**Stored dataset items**
===
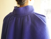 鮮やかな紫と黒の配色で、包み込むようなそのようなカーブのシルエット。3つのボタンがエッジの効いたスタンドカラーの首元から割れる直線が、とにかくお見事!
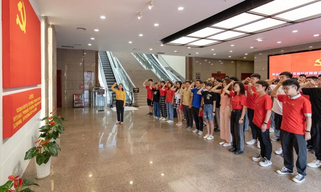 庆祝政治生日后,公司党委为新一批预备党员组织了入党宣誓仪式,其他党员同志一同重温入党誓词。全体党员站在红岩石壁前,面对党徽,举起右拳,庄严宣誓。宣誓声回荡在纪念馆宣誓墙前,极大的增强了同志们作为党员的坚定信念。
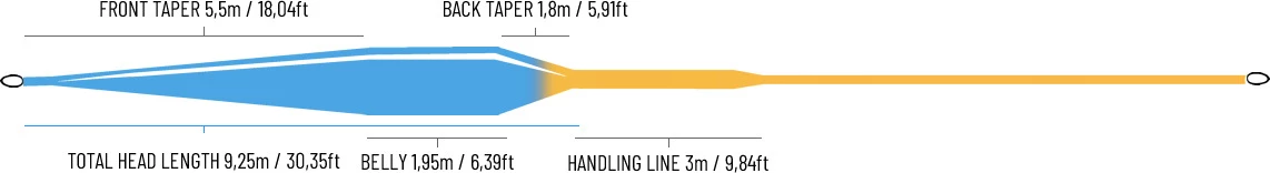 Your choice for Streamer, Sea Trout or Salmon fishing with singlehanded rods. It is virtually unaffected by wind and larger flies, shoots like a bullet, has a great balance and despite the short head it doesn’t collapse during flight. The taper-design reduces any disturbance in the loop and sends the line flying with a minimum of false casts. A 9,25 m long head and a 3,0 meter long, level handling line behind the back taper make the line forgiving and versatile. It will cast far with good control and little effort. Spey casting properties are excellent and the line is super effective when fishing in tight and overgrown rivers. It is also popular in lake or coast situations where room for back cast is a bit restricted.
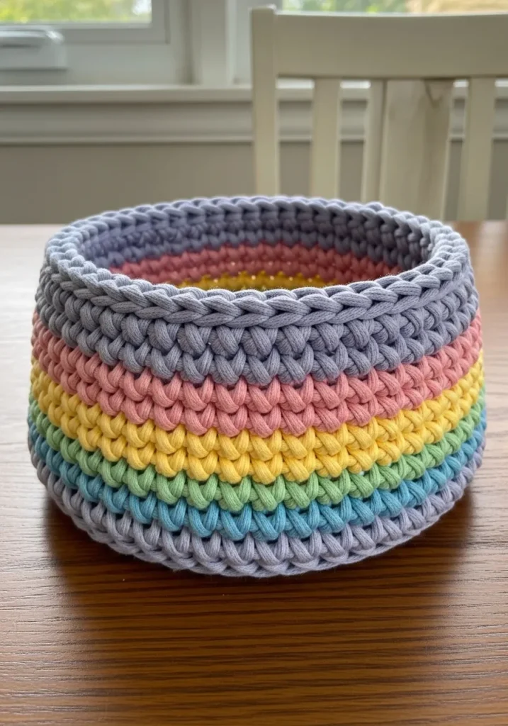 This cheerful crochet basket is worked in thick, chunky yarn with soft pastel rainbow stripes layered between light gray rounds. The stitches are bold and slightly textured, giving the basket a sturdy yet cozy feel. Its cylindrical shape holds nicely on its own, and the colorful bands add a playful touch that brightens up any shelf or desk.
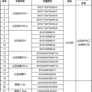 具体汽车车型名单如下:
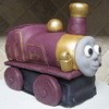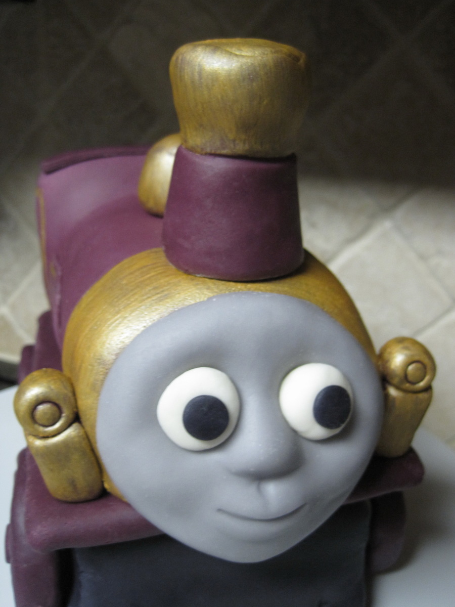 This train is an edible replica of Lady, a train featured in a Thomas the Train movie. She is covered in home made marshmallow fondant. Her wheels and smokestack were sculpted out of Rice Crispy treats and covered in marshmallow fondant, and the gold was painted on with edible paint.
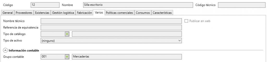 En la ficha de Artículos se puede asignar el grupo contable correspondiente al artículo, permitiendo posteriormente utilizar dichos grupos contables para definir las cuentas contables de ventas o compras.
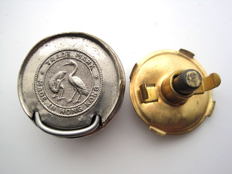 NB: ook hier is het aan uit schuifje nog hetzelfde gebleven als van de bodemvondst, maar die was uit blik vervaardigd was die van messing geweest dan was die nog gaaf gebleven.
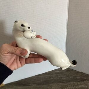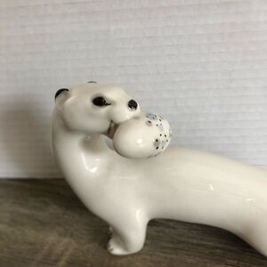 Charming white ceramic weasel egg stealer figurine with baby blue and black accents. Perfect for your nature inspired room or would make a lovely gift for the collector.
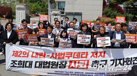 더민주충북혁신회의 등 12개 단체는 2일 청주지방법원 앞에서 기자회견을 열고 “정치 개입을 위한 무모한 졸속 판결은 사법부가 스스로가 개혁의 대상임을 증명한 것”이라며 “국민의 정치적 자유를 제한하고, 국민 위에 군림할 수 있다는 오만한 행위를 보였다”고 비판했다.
===
**Exercise aim**
From the first line to the last, retype the data above exactly, but not its images.

**Finished task**
 鮮やかな紫と黒の配色で、包み込むようなそのようなカーブのシルエット。3つのボタンがエッジの効いたスタンドカラーの首元から割れる直線が、とにかくお見事!
 庆祝政治生日后,公司党委为新一批预备党员组织了入党宣誓仪式,其他党员同志一同重温入党誓词。全体党员站在红岩石壁前,面对党徽,举起右拳,庄严宣誓。宣誓声回荡在纪念馆宣誓墙前,极大的增强了同志们作为党员的坚定信念。
 Your choice for Streamer, Sea Trout or Salmon fishing with singlehanded rods. It is virtually unaffected by wind and larger flies, shoots like a bullet, has a great balance and despite the short head it doesn’t collapse during flight. The taper-design reduces any disturbance in the loop and sends the line flying with a minimum of false casts. A 9,25 m long head and a 3,0 meter long, level handling line behind the back taper make the line forgiving and versatile. It will cast far with good control and little effort. Spey casting properties are excellent and the line is super effective when fishing in tight and overgrown rivers. It is also popular in lake or coast situations where room for back cast is a bit restricted.
 This cheerful crochet basket is worked in thick, chunky yarn with soft pastel rainbow stripes layered between light gray rounds. The stitches are bold and slightly textured, giving the basket a sturdy yet cozy feel. Its cylindrical shape holds nicely on its own, and the colorful bands add a playful touch that brightens up any shelf or desk.
 具体汽车车型名单如下:
 This train is an edible replica of Lady, a train featured in a Thomas the Train movie. She is covered in home made marshmallow fondant. Her wheels and smokestack were sculpted out of Rice Crispy treats and covered in marshmallow fondant, and the gold was painted on with edible paint.
 En la ficha de Artículos se puede asignar el grupo contable correspondiente al artículo, permitiendo posteriormente utilizar dichos grupos contables para definir las cuentas contables de ventas o compras.
 NB: ook hier is het aan uit schuifje nog hetzelfde gebleven als van de bodemvondst, maar die was uit blik vervaardigd was die van messing geweest dan was die nog gaaf gebleven.
 Charming white ceramic weasel egg stealer figurine with baby blue and black accents. Perfect for your nature inspired room or would make a lovely gift for the collector.
 더민주충북혁신회의 등 12개 단체는 2일 청주지방법원 앞에서 기자회견을 열고 “정치 개입을 위한 무모한 졸속 판결은 사법부가 스스로가 개혁의 대상임을 증명한 것”이라며 “국민의 정치적 자유를 제한하고, 국민 위에 군림할 수 있다는 오만한 행위를 보였다”고 비판했다.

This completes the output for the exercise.